Two U biologists have discovered a possible explanation for why chemical sensors cluster together on the ends of bacteria. Their research could lead to the improved treatment and early detection of bacterial infections.
John Parkinson, a professor of molecular biology, said that bacteria either swim toward or away from chemicals in its environment, depending on the nature of the chemical.
Parkinson said he thinks the receptors at the ends of a bacterium guide the organism towards a source.
“The receptors don’t work as individuals, but as teams of up to three. This is important in understanding how [the receptors] can be so sensitive to small changes in the environment,” Parkinson said.
Peter Ames, a research associate, is a member of Parkinson’s research team.
“I think that the idea of receptor clustering may be important for signaling not only in bacteria but in higher organisms,” he said.
Parkinson said that scientists have been working with E. coli for more than 60 years, and that despite the dangers associated with the bacteria in recent years, it is relatively harmless.

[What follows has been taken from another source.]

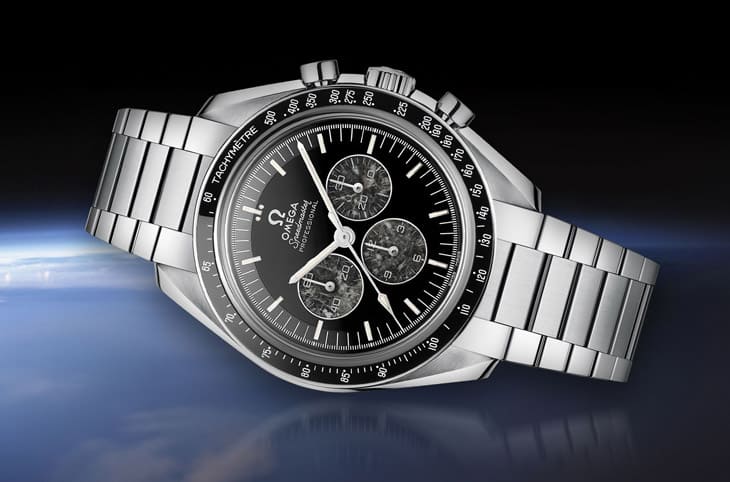 ▲黑色縞瑪瑙面盤上的三枚小錶盤以月球隕石製成,呼應超霸系列與登月任務的淵源。

“E. coli is the default bacteria because it’s been used for so long. Almost everything we know about molecular biology we’ve learned from studying E. coli,” Parkinson said.
Although the study is only two years old, Parkinson said he was still surprised by some of the results of his work.
“I think the surprise was when we created receptor mutations. I had no idea what they did for a while, but once I realized it, everything fell into place. But that’s the fun part of doing science,” Parkinson said.
For Parkinson, the most significant part of his work is not only understanding how simple bacteria move, but how similar behavior in more complicated cells relates to the research done on E. coli.
“It would be surprising if more complex organisms didn’t use the same kinds of signaling systems,” Parkinson said.
Though Parkinson’s study is not a medical one, the results of his research could benefit doctors in the future.
“Other types of bacteria seem to use the same kind of receptors as E. coli. There’s a chance that we could short-circuit bacterial infections,” he noted.
If successful, this could stop bacterial infections in their early stages.
Parkinson said when these chemical sensors cluster together, they are able to amplify a weak signal into a strong one which directs the bacteria to a food source.
Parkinson’s research has been funded by the National Institute of Health for the past 25 years, and as he said, “Our work is done when they stop funding us, or when we all keel over.”
In addition to Ames’ assistance, laboratory technician Rebecca Reiser and Argentina National University biologist Claudia Studdert have participated in the research.
The team’s findings were published in today’s issue of Proceedings of the National Academy of Sciences.